§ RECORDS SUPPLIED:
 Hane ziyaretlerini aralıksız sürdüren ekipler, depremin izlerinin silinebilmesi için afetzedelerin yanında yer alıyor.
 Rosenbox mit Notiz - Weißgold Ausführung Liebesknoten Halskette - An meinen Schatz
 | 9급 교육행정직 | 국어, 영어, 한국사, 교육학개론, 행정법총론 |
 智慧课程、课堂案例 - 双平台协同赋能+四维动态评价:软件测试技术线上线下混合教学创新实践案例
--
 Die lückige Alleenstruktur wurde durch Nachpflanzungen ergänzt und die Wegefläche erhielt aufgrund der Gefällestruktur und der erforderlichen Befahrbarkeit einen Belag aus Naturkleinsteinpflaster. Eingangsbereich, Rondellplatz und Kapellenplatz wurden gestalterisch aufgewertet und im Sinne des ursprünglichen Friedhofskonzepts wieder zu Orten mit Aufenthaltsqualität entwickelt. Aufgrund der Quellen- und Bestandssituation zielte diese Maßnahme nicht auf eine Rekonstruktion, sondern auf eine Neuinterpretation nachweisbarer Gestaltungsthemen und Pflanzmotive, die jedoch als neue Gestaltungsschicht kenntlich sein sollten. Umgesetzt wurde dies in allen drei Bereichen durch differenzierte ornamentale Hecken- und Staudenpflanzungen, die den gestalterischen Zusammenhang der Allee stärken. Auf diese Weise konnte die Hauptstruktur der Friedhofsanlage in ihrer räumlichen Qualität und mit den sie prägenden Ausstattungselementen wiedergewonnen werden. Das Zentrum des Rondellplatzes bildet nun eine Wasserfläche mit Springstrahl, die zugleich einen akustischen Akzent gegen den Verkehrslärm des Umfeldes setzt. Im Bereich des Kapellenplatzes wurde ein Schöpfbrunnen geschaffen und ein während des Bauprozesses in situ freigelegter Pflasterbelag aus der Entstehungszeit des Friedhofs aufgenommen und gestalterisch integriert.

§ WHAT THE EXERCISE ASKS: Where the data above reaches the line holding "Hane ziyaretlerini aralıksız", begin printing, and stop after the line holding "智慧课程、课堂案例 - 双平台协同赋能+四维动态评价:软件测试技术线上线下混合教学创新实践案例". Each line must be reproduced exactly, with nothing else added.

§ ANSWER SPACE:
 Hane ziyaretlerini aralıksız sürdüren ekipler, depremin izlerinin silinebilmesi için afetzedelerin yanında yer alıyor.
 Rosenbox mit Notiz - Weißgold Ausführung Liebesknoten Halskette - An meinen Schatz
 | 9급 교육행정직 | 국어, 영어, 한국사, 교육학개론, 행정법총론 |
 智慧课程、课堂案例 - 双平台协同赋能+四维动态评价:软件测试技术线上线下混合教学创新实践案例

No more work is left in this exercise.